- Interactive map of the Doha Tower area
- Alternative names: Doha High Rise Office Building, Burj Doha, Burj Qatar

General information
- Status: Completed
- Type: Commercial offices
- Location: Corniche Street, West Bay Doha, Qatar
- Coordinates: 25°19′3.10″N 51°31′41.93″E﻿ / ﻿25.3175278°N 51.5283139°E
- Construction started: 2005
- Completed: 2012
- Cost: Qatari Riyal 455 million US$125 million)
- Owner: Sheikh Saud bin Muhammed Al Thani
- Operator: Hamad Bin Saoud Group

Height
- Architectural: 238 m (780.8 ft)

Technical details
- Material: Concrete / Steel
- Floor count: 46 3 below ground
- Floor area: 110,000 m^{2} (1,184,000 sq ft)
- Lifts/elevators: 23 elevators

Design and construction
- Architect: Jean Nouvel
- Architecture firm: Consulting Engineering Group
- Structural engineer: Terrell Group
- Main contractor: China State Construction Engineering Corporation

Website
- burjdoha.qa

= Doha Tower =

Doha Tower, also known as Burj Doha (برج الدوحة), and previously named as Burj Qatar and Doha High Rise Office Building, is a high rise tower in West Bay, Doha, Qatar. On October 18, 2012, the building received the CTBUH Skyscraper Award for the Best Tall Building Worldwide from the CTBUH. The $125-million office building, designed by French architect Jean Nouvel, has a height of 238 m, with 46 stories.

In 2004 the project was first named as the Doha High Rise Office Building and after completion of construction in 2012 was branded as Burj Doha by the owner, H. E. Sheikh Saud bin Muhammed Al Thani.
The public has noted the building's "phallic form", suggestive of what Nouvel calls a "fully assumed virility." After the people called it informally the Burj Qatar, the Government of Qatar renamed it officially the Doha Tower.

The Doha Tower comprises 46 floors above ground, three floors below ground and a total gross floor area of approximately 110,000 m^{2}. It has no central core, leaving more internal space available to its occupants. The design is unique, the first skyscraper with internal reinforced concrete diagrid columns, which form a cross (X) shape that connects with the eye-catching cylindrical facade. The design expresses the local culture, connecting the very modern with ancient Islamic designs (Mashrabiya). Islamic screens were designed to shade the building from high temperatures as well as the unpleasant sand residue found on glass throughout the region. The building is designed to hold offices for businesses wishing to operate in the diverse business district of West Bay.
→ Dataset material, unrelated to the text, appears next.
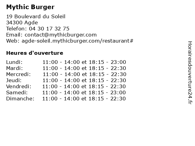 | Mardi | 11:00-14:00 et 18:15-22:30 |

The Doha Tower was owned by Sheikh Saud bin Muhammed Al Thani and managed by Hamad Bin Saoud Group. It is currently the seventh tallest building in Doha.

== Features ==
The $125 million building, designed by French architect Jean Nouvel, has a height of 238 m, with 46 stories. The service core is slightly off-center to maximize interior space and flexibility of use. This was also achieved by providing diagrid columns of reinforced concrete set in the shape of a cross.

Its cylindrical shape is reminiscent of Nouvel's Torre Glòries office building in Barcelona, which served as conceptual inspiration for the Doha Tower. Unlike the Barcelona building, The Doha Tower's façade was designed for local conditions: the brise soleil was "constructed of multi-layered patterns invoking ancient Islamic screens designed to shade buildings from the sun."

The German Lindner Group provided the NORTEC raised access floor system for the tower. The floor panels, consisting of calcium sulphate, feature unique dimensions of 500 x 500 mm and are applied with a special scratch-resistant covering made of galvanised steel sheets. The covering is an exclusive design by Lindner. The pinnacle of the cylindrical building, which has a base of 45 m in diameter, is crowned by a dome.

== Awards and recognition ==

Doha Tower in West Bay skyline at dusk

The Chicago-based Council on Tall Buildings and Urban Habitat named it the best tall building in the Middle East and North Africa in 2012, citing the way the cylindrical building uses "ancient Islamic patterns" in its design.

At the fifth annual Middle East Architect Awards 2012, the tower received the "Overall Project of the Year" award. On this occasion, Jean Nouvel was presented with a specially-made scale model of the tower.